Short hair also meant a regular expense. At that time I had a lot of judgments about good/right things to spend money on and bad/wrong things. Haircuts fell in the bad category because I considered it materialistic to care about appearance.
But the day came when I wanted to cut my long hair. With the help and encouragement of friends, and now living in the States where regular trips to the salon were a part of the culture, I was slowly reexamining my beliefs. I was emerging from a period in my life in which I didn’t want to be noticed, and my hair was the next step.
Friends recommended a salon and I scheduled an appointment. The bald hairdresser listened as I described an asymmetrical cut and said, “You’ll have to get a new wardrobe, if I cut your hair like that.” Taken aback and hurt, I opted for something safe, a haircut I ended up not liking. I waited eagerly for it to grow out.
Some time later I tried again at a different salon. I may have simply said I wanted something shorter, something different. This hairdresser understood my desire for change and he also heard my hesitancy. He suggested we take it slowly. So we did.
Looking back, I see the struggle going on inside me. I wanted a haircut and didn’t believe it was okay to want it. I wish I could remember how I finally decided in favor of the haircut. I’m glad I did.
I feel more myself with short hair. This feeling makes it worth the investment of time and money every six to eight weeks.
Beneath this desire for a haircut was a desire to feel good about myself, to feel beautiful, to come into my own, to be more me. As I feel more myself, I am aware that I make more choices that reinforce these positive feelings. Choices that range from the right size and shape tea mug to the decision to create a business weaving kitchen towels.
My judgments and struggles around purchases haven’t completely disappeared, but with each decision that supports who I am, the less investing in myself feels like a frivolous expense. It’s a necessity if I want to be true to myself.

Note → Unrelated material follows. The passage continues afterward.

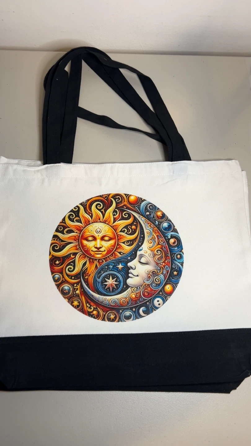 This canvas tote bag features a vibrant sun and moon celestial design. It has black handles and a black bottom panel. The bag's material is canvas.

My invitation to you: What’s one step you can take for you to invest in yourself more fully than you have in the past? I’d love to hear.
Marilyn Webster says
Judy & Sheryl, what great ways to invest in yourself — breaks & creativity. Investing time can be as challenging as investing money, can’t it?
Judy Murdoch says
Just being willing and mindful about taking more breaks during my work day. Also investing the time and effort into simply feeling good about myself and my life. It’s easy to get into a negative funk and it doesn’t serve me. It does however require the willingness to stop long enough to notice what is going on.
Sheryl Allen says
Create time for creativity–it’s too easy to put it last on the list. Even if I doodle while on a phone call, I feel I’m honoring it. Baby steps…
I agree about the short hair Marilyn–it suits you. After getting a perm and hair color for years I decided to go a la natural and discovered my hair had natural curl and wasn’t near as gray as I thought it would be–more like silver highlights. We women are ‘funny’ about our hair!